# Snakes on a plane!! .... or just in my basement



## de-nagorg (Feb 23, 2014)

You've probably looked, 

But most entry points are along the utilities and it only takes a tiny hole for vermin to squeeze through. 

So check your plumbing, electrical, dryer vent, and heating cooling entrances, exits.


ED


----------



## Guap0_ (Dec 2, 2017)

An exterminator taught me that mice & whatever else walk around the house usually in the fall. As soon as they feel a warm draft, they make a sharp turn. According to the exterminator, we have to do the same thing. Of course, we aren't feeling a draft, we are using our eyes.


----------



## Itrim (Jul 15, 2018)

You could maybe finish off the basement to resemble the interior of a 747, get yourselves a Samuel Jackson mask and have your friends over for snake night?


----------



## MotoGP3000 (Aug 29, 2018)

de-nagorg said:


> You've probably looked,
> 
> But most entry points are along the utilities and it only takes a tiny hole for vermin to squeeze through.
> 
> ...




I think I've done a pretty good job looking. I think... I did buy some expanding foam spray to at least try and deter critters. it is perplexing though because there isn't anything obvious from what I can see. 


Any kind of tool that would helpful to find maybe intrusion by looking at temps or air that would work in a finished basement? idk if there is something that would register a potential break?


----------



## de-nagorg (Feb 23, 2014)

Yes there are Thermal imaging Cameras.

If you don't want to buy one, see if you can rent one at a rental place.

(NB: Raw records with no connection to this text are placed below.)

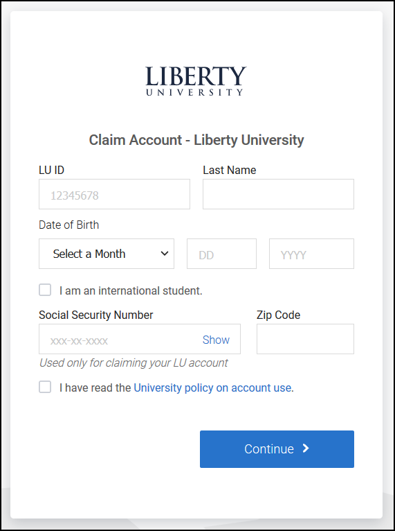 1. Navigate to the following link: Claim your Liberty Account
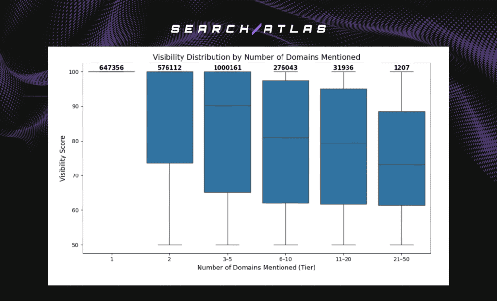 - Beyond ten domains, visibility variance widens as LLMs diversify citations.
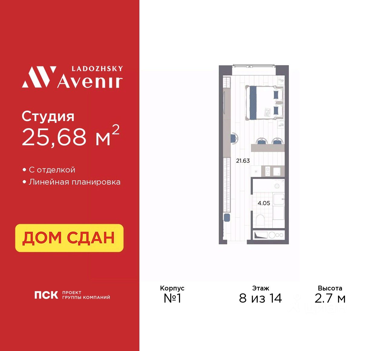 1-к, Заневский проспект, 65а Показать на карте
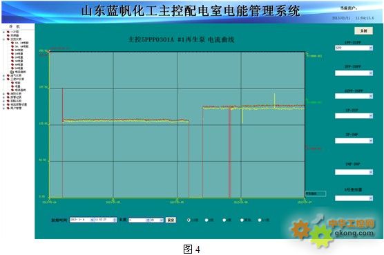 5.3趨勢曲線:功率實時趨勢顯示及歷史趨勢查詢功能。選擇回路后,該回路實時趨勢曲線會不斷刷新,選擇“起始時間”可查看該回路歷史趨勢曲線,選擇“時間長度”可查看歷史日、月、年趨勢曲線,能更加直觀反映該回路運行情況,如圖4:
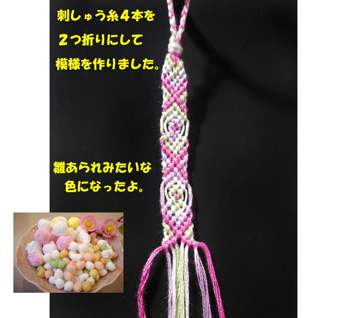 それで、ピンクと紫と黄緑色の刺しゅう糸は、他のよりも20cmくらい長くして作りました。
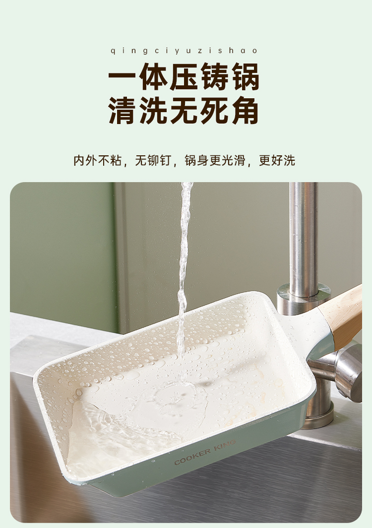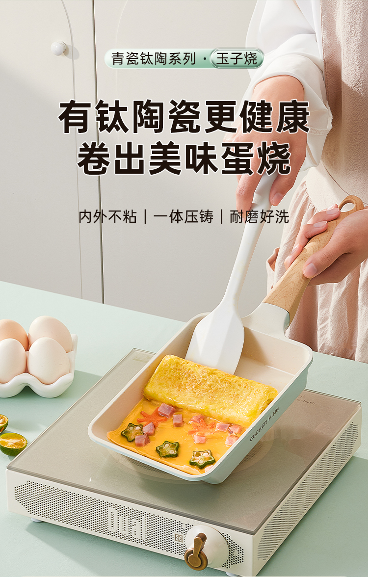 1、有钛陶瓷更健康卷出美味蛋烧,内外不粘一体压铸耐磨好洗。
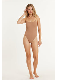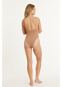 The Wavy Beach Bombshell one-piece swimsuit offers flattering high hip coverage for a confident and chic beach look.
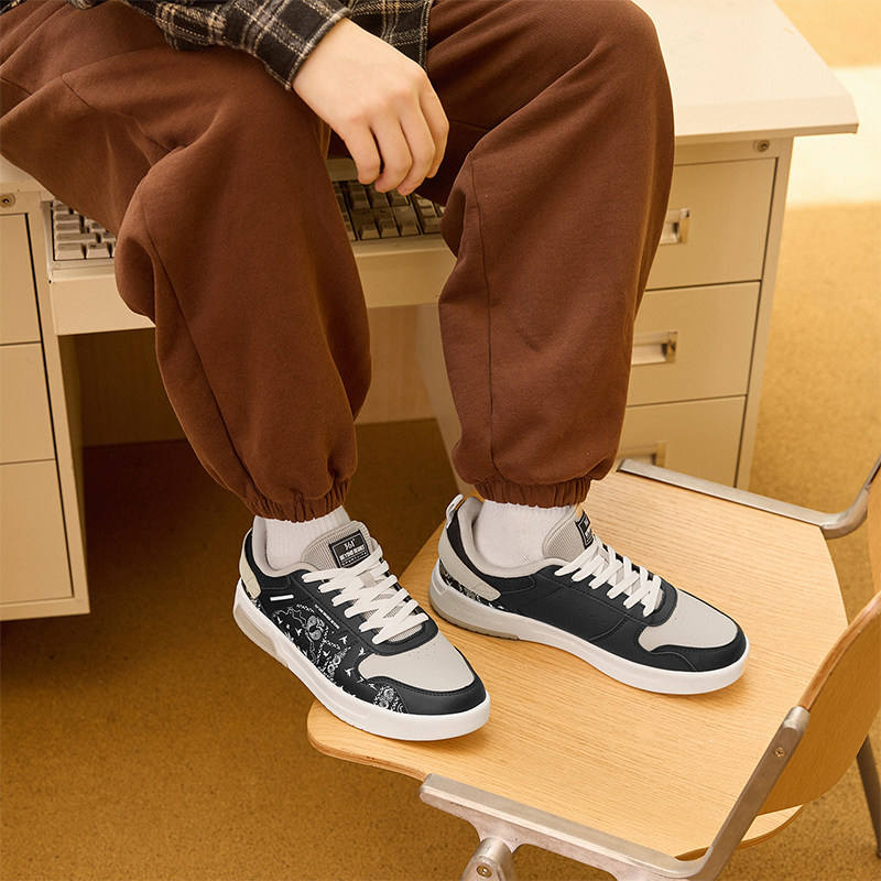 安踏男鞋运动鞋男款冬季新款官方旗舰正品黑色皮面男士跑步鞋子男
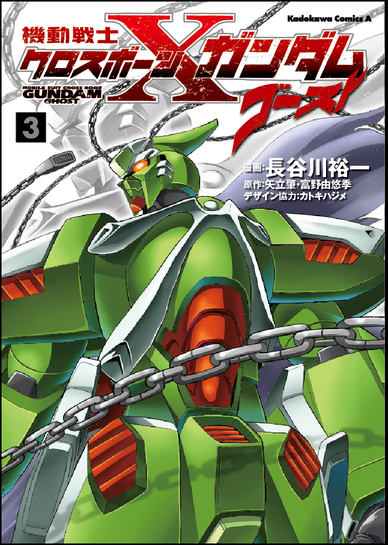 じゃん!「機動戦士クロスボーン・ガンダム ゴースト」3巻!2月25日発売!よろしく!1、2巻のモノクロームな雰囲気から一転しての、このカラフルな表紙が目印!現在、連載のページをすこぅし増やして、ペースUPを図っているので、次の4巻はいつもより、間を開けないで、お届けできると思います。
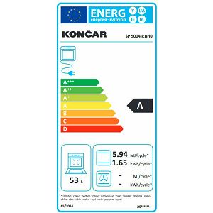 SP 5004 P.BH0Plinski štednjak KončarBoja: bijelaVisina/ Širina/ Dubina: 85/50/60 cmVisina uz podignuti poklopac: 150cmVisina podesiva za: 2 cmPrednje lijevo mjesto za kuhanje: plinski plamenik 3 kWPrednje desno mjesto za kuhanje: plinski plamenik 1 kWStražnje lijevo mjesto za kuhanje: plinski plamenik 1,75 kWStražnje desno mjesto za kuhanje: plinski plamenik 1,75 kWPaljenje električnom iskromPlamenici s osiguranjemRadna ploča: emajliranaNosač posuda: emajliranVisina/Širina/Dubina (unutarnja mjera): 37/31/39 cmBroj funkcija: 1Izvedba pećnice: plinskaRasvjeta pećniceSnaga donjeg grijača: 2,8 kWVučene vodilice tavaRešetka: 1Duboka tava: 1PoklopacPlinski priključak: G30/30 mbarKategorija: II2H3B/PRazred energetske učinkovitosti: APotrošnja energije - klasični način grijanja: plin: 1,65 kWh (5,94 MJ)Korisni volumen prostora za pečenje: 53 lDimenzije zapakiranog proizvoda: 97,4/54,5/68,4 cmMasa aparata neto/bruto: 40/43,2 kg
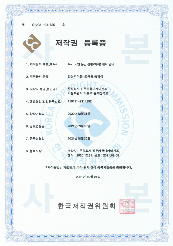 [한국/저작권] 독거 노인 응급 상황(화재) 대피 안내 페이지 정보 작성자 WeDu 댓글 0건 조회 6,191회 작성일 21-12-31 12:41 본문 2021-10-21 저작권 C-2021-041725 영상저작물>교육용 동영상 List Previous[한국/저작권] 장보기 인지훈련 게임 21.12.31 Next[한국/저작권] OLL KIDS/MATH 21.12.31
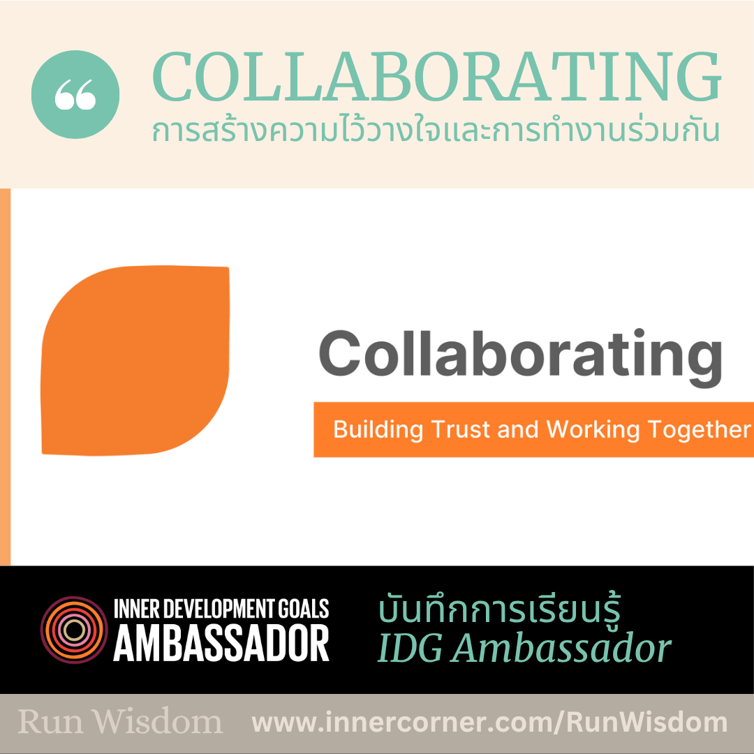 การร่วมมือ - การสร้างความไว้วางใจและการทำงานร่วมกัน (Collaborating — Building Trust and Working Together) การพัฒนาความสัมพันธ์ที่มีความไว้วางใจ การยอมรับคุณค่า ทักษะ และมุมมองที่หลากหลาย และสร้างพื้นที่ปลอดภัย เกื้อกูลให้ทุกคนสามารถมีส่วนในเจตจำนงร่วมและผลกระทบร่วม (Developing relationships of trust, acknowledging diverse values, skills, and perspectives, and creating safe spaces enables everyone to contribute to shared purposes and collective impact.)
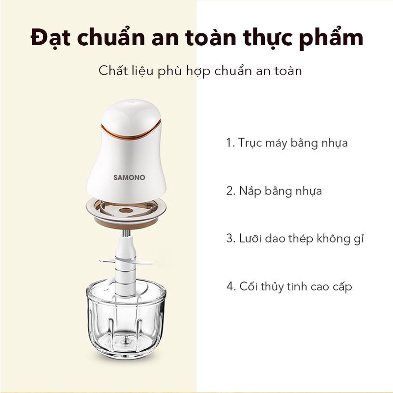 Máy xay SAMONO có công suất 200W, dễ dàng xay nhuyễn thực phẩm trong 10 giây. Trục xoay được thiết kế chuyên dụng, lưỡi dao thép không gỉ, cối thủy tinh cao cấp chịu nhiệt, thiết kế tinh giản, tháo ráp tiện lợi, điều khiển nhấn nhả, dễ vận hành vô cùng.
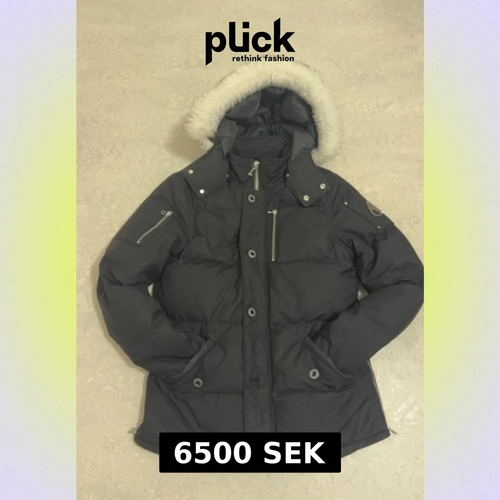 Svart pufferjacka från Moose Knuckles med fluffig vit fuskpäls runt luvan. Jackan har flera dragkedjor, knappar och praktiska fickor framtill. Luvan är stor och jackan har en snygg, quiltad look som håller dig varm hela vintern.
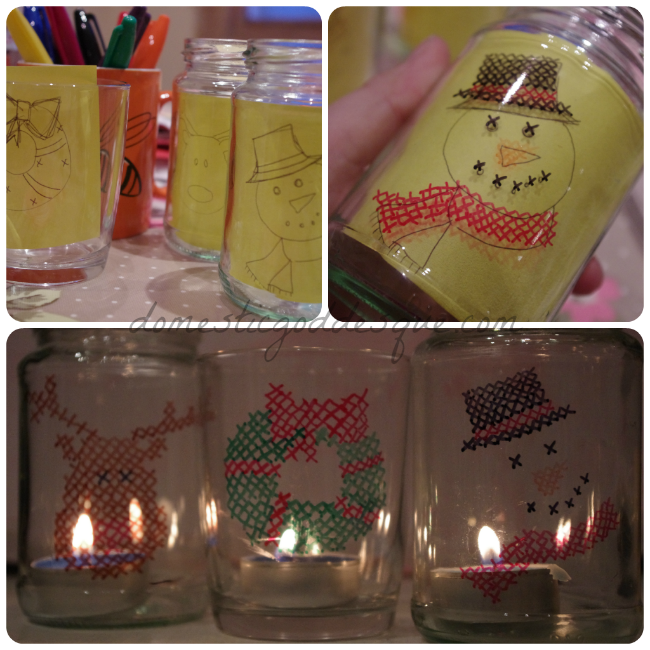 Use Sharpie Markers to make your design onto the jar. Once done, bake in the oven at 150 for 10 minutes or so to set the markers.

Or call a vermin specialist, and hire them to do it for you, then either seal it yourself, or pay them for the sealing. 

A basement and crawlspace winterization specialist should have all the tools needed to advise you on sealing, and quote you a price for their service. 

Sometimes on a windy day, you can use a smoke stick, and walk around the basement looking for drafts, this will point you to any breaks in your home envelope.


ED


----------